Nigeria: As Boko Haram strikes get worse, the military destroys towns

Amnesty International said today that the Nigerian military has burned down and forced people to leave whole villages in response to a recent rise in attacks by the armed group Boko Haram. The report is based on interviews with affected farmers in Borno State and analysis of satellite data.

The military also arrested six men from the relocated towns for no reason. This is another example of the abuses that Amnesty International has seen during the country’s ten-year armed war in the northeast. Before they were freed on January 30, 2020, the guys were kept from talking to each other for almost a month and were treated badly.
“These blatant acts of destroying whole villages, destroying civilian homes, and forcing people to leave their homes without a good military reason should be looked into as possible war crimes,” said Osai Ojigho, Director of Amnesty International Nigeria.

These bold acts of setting whole towns on fire, burning civilian homes on purpose, and forcing people to leave their homes without a good military reason should be looked into as possible war crimes.

Osai Ojigho, who is in charge of Amnesty International Nigeria,
“They use the same brutal methods that the Nigerian military has used against civilians for a long time.” Forces that are said to be guilty for these kinds of violations must be stopped right away and punished.

Not allowed methods

Since December 2019, Boko Haram has been attacking more in northeastern Nigeria. They mostly target the main road that connects Maiduguri to Damaturu, which is the center of both Borno and Yobe States. A recent trip by Amnesty International to Borno State for study shows that the Nigerian military has used illegal methods to respond to the attacks, which have hurt people very badly and may even be war crimes.

Twelve women and men from three towns near the Maiduguri-Damaturu road, between Jakana and Mainok in Borno State, were interviewed by Amnesty International on January 3 and 4, 2020. They had been forced to leave their homes. The group also looked at fire data from remote satellite sensing, which shows that there were several big fires in that area on and around January 3. Almost every building in Bukarti, Ngariri, and Matiri was destroyed, as seen from space. The pictures also show signs of fire in towns nearby.

Amnesty International heard from many people in Bukarti that a lot of Nigerian soldiers arrived in the late morning of Friday, January 3, 2013. People who were there said that troops went from house to house and into the fields nearby and made everyone meet under a tree and by a graveyard between Bukarti and the main road. Soldiers also grouped up people from Matiri, which is close by, and brought them to the same place.

Villages set on fire

Around 3 p.m. on January 3, forces told everyone to walk to the main road, where they were made to get on big trucks. Witnesses said that some of the forces went back to Bukarti while they were being put into the trucks. After that, the onlookers saw their village on fire.
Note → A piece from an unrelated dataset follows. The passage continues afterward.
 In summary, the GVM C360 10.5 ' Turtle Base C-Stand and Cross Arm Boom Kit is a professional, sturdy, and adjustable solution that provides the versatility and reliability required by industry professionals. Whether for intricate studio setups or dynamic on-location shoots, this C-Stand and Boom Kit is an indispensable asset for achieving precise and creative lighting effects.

“Our homes caught fire,” a woman from Bukarti who was about 70 years old said. “Everyone began to cry.”

“We saw our homes catch fire.” We all began to cry.

A woman from Bukarti who is about 70 years old.
After that, the trucks took more than 400 women, men, and children from Bukarti and Matiri to an IDP camp close to Maiduguri.
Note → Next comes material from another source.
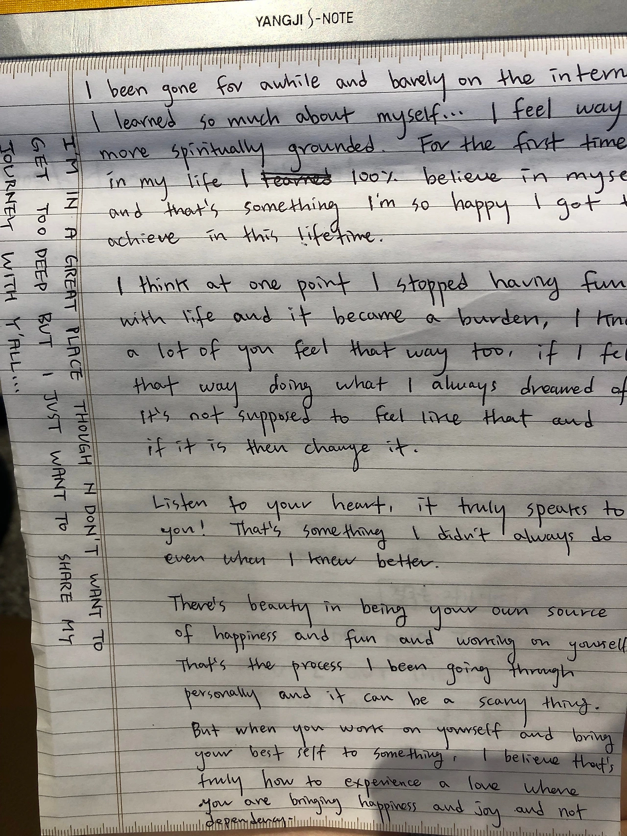 각설하겠습니다. 아무튼 저렇게 올 3월 인스타그램 비디오 포스팅을 통해 과거와 현재의 자신의 정신 상태에 대해 열심히 떠들었던 래퍼 빅션이 이틀 전인 7월 26일, 싱글곡 'Single Again'을 발표했습니다. 그야말로 따끈따끈한 신곡입니다. 빅션은 이 곡을 발표하기 몇 시간 전에 자신의 트위터 계정을 통해 노래와 관련한 자신의 생각을 담담하게 풀어놓았는데, 그것이 또 제 가슴을 뜨겁게 했습니다. 저는 필사가 취미인 사람인지라 굳이 또 그 트윗 내용을 무려 양지 S노트에 옮겨 적었습니다(싸고 좋아요). 참 한가한 사람이죠.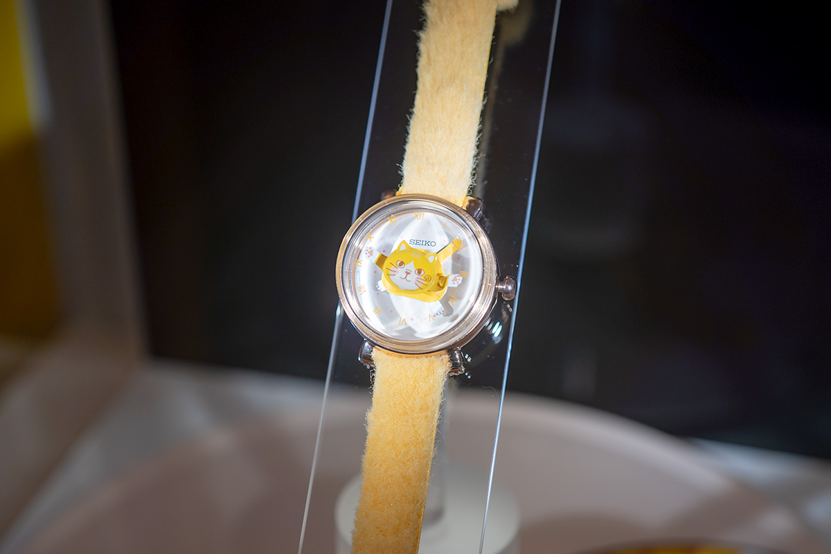 でもこれはこだわりすぎた…というよりは「猫好き専用腕時計」って去年までのイベントに出すべきだったやつじゃないですか?と思ったら、猫の手が秒針、足が分針、尻尾が時針になっている。

Three people who live in Ngariri say that troops went to their town the next day, on January 4, which is across the main road from Bukarti. Soldiers rounded up mostly older women and men—younger adults had already run away to nearby farms—and pushed them onto a truck that took them to Maiduguri. Then Ngariri was destroyed.

Amnesty International heard from people who went back to check on Bukarti and Ngariri that everything had been set on fire. Satellite images show that both towns were burned down in early January.
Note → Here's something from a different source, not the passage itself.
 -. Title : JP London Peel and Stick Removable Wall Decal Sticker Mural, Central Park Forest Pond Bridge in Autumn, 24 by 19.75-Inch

Amnesty International talked to witnesses who said they lost everything because they couldn’t bring their things with them. This included their homes, jewelry, clothes, and, worst of all, the crops they had saved after the harvest.

“We lost everything we worked for, and some of our animals died,” a farmer in his 60s said. “I had saved enough food for a year. I would have sold it to buy my family clothes and other things.”

“Even our food was burned—it would have fed my family for two years,” said a 30-year-old man who came back after weeks to see the damage. “Our clothes, food, crops, and kettles.” Even the cart we used to get water. The only things left are the metal plates; everything else is burned.

It is a war crime to order the people who lived in these towns to leave when their safety or important military reasons did not require it. After that, setting fire to their homes may also be a war crime.